Below is some sample code. Create an input file with 4 items. My sample
looks like (tab separated):

abcdefghi       IN      A      127.0.0.1
repeat the line so file size is > about 40K.
?- open(output,write,S),set_output(S),proc_file(test_data),close(S).

Search output file for “eh?” It’s notable, I suspect, that it loses track
very near 4K boundaries!

Happens on 8.0.1 and 7.6 both on Linux.

Is this one of those “surprising” things in Prolog? :slight_smile: Is there a better
way to get file and location?

Cheers,
Eddie

a_space(Char):- char_type(Char, space).
ws --> [W], { a_space(W) }, ws.
ws --> [W], { a_space(W) }.

word_([H|T])  --> [H], {\+ a_space(H)}, word__(T).
word__([H|T]) --> [H], {\+ a_space(H)}, word__(T).
word__([])    --> [].
word(W) --> word_(W1), {atom_string(W1,W)}.

record --> [].
record --> word(A), ws, word(B), ws, word(C), ws, word(D), "\n",
	   lazy_list_location(Loc),
	   {writeln(record(A,B,C,D,Loc))}, record.
record --> [_], {writeln('eh?')}, record.

proc_file(F):- phrase_from_file(record, F).
1 Like

I have never used lazy_list_location//1 so I can’t directly answer to that, but have used phrase_from_file//2 which was not keeping track of the line and position and as I noted in the other topic referenced below, my solution was to just thread counters through the DCG. If you find yourself adding many variables to DCG, then have a look at package edcgs.

A related question of interest: Line_count/2 and phrase_from_file

1 Like

Surely lazy_list_location//1 is intended for error messages. It is pretty slow as it has to walk over the list until the freeze node that realizes the lazy part, then has to analyze that, and do quite a bit of work to convert the file position at the end of the block back to the real position.

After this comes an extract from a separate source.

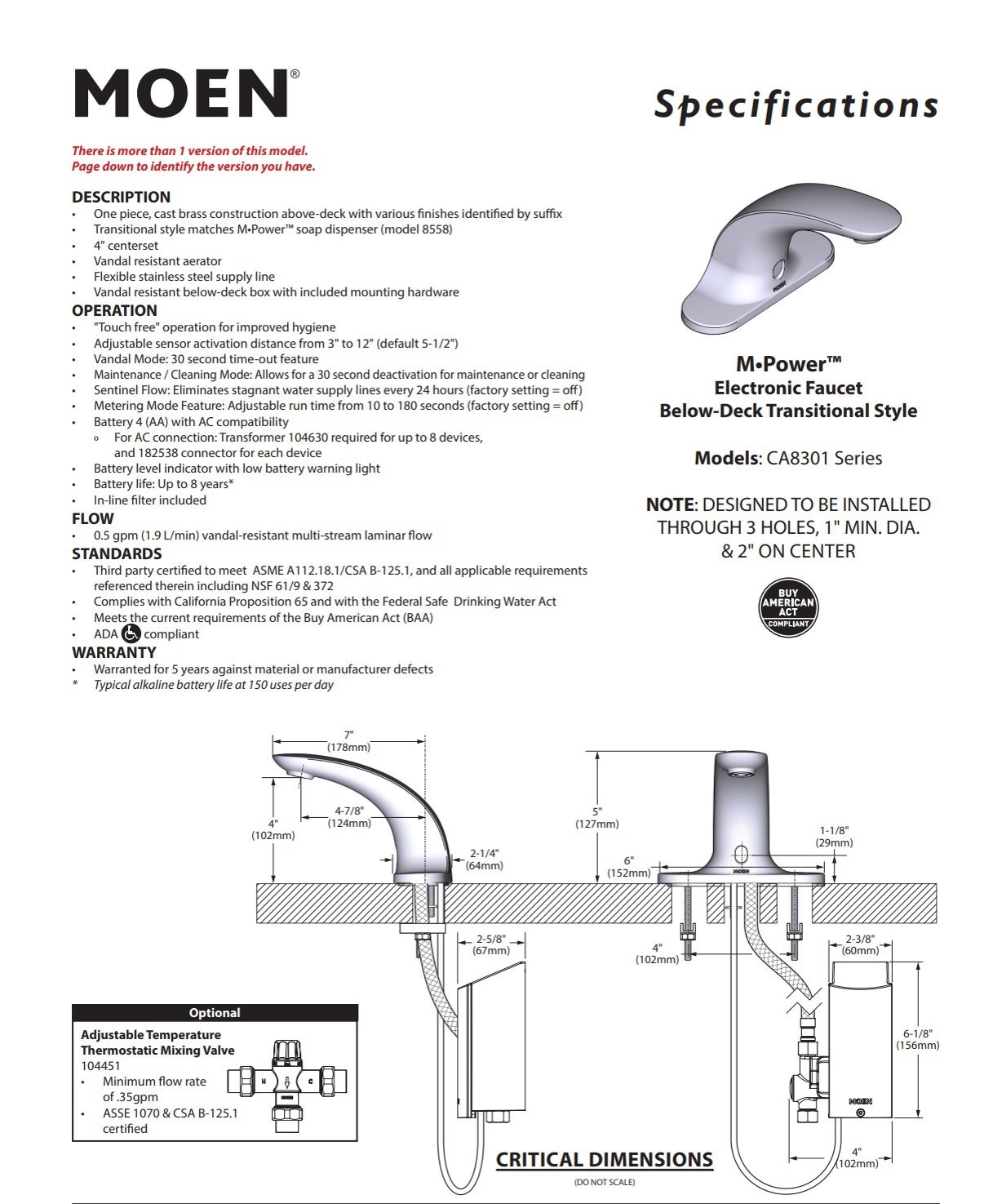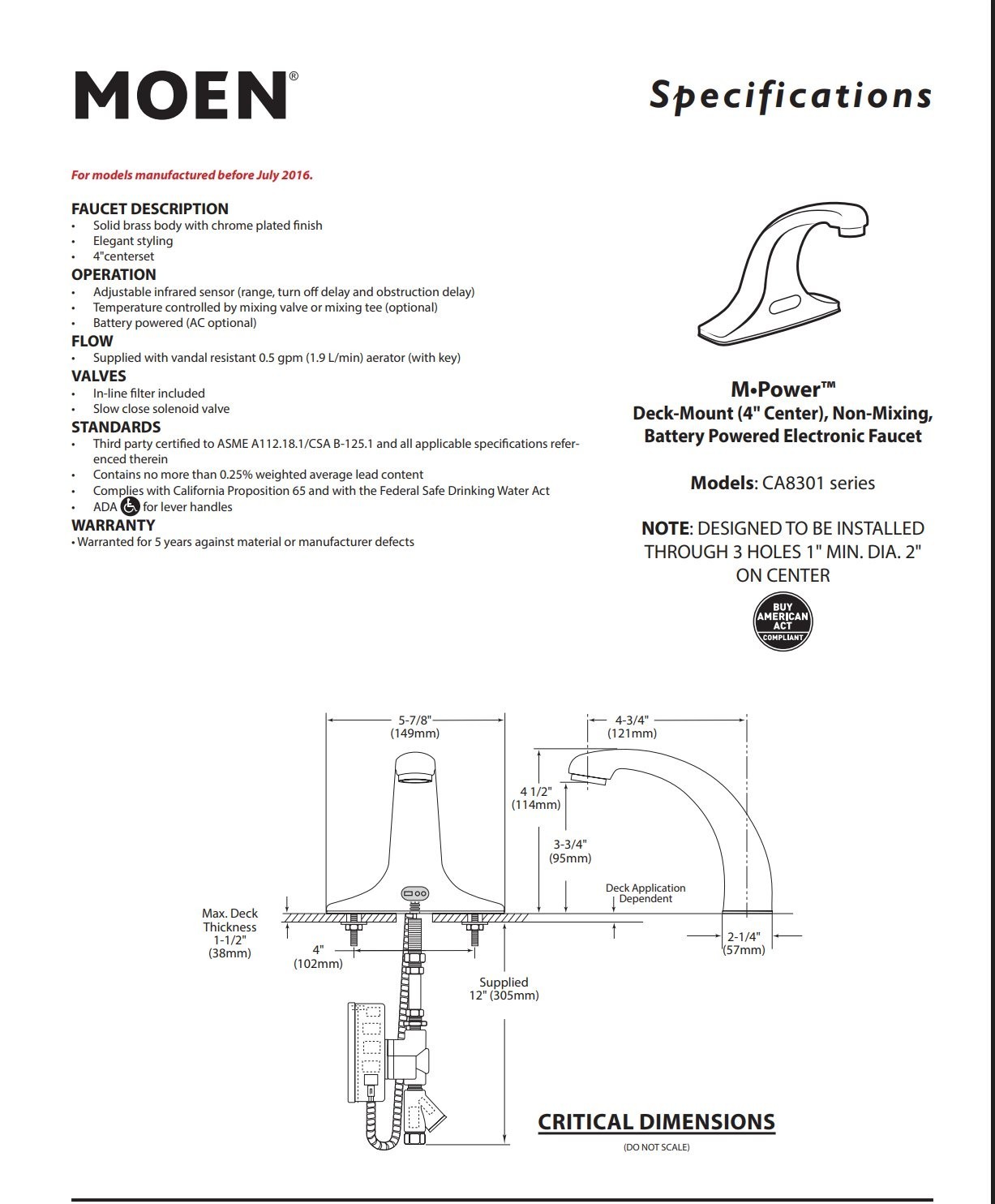MOEN COMMERCIAL CA8301 M-POWER Chrome Touchless Sensor-Operated Bathroom Faucet

I think you have two options. One is to count characters and/or lines as @EricGT suggests. In this case though, I’d probably go for a loop using read_line_to_codes/2 and use a DCG per line. In fact, I’d probably discard DCGs as a whole and use read_line_to_string/2 and split_string/4, followed by appropriate type conversion for the resulting fields. I admit that is not really elegant Prolog. The problem is so simple though that the full power of DCGs is more an overkill and low-level byte managing predicates most probably do the job quicker and more simply.

1 Like

Thanks for the clarification. I had no idea it would be doing so much
work. The actual problem is considerably more complex so I think DCGs
are still a good approach. And now that I’m being forced to think (!)
I realise that tracking the line number is probably not as hard as I
originally thought.

The edcgs package also looks good for a future iteration. Thanks to both.

1 Like

Author of the package edcgs here. I am not sure if @EricGT really wanted to point to this package or edcg instead, which lets you define more accumulators, e.g., to count things. On the other hand, edcgs might assist you in automatically get a corresponding parse tree based on the nonterminals encoded in the DCG.

In order to stop confusing people with the very similar names, I decided to rename the edcgs package to dcg4pt (short for DCG for Parse Trees). @jan, I don’t know how to delete the legacy edcgs package from the list online, maybe you can just unpublish it?

2 Likes

Yes, thanks.

Thanks, that would help.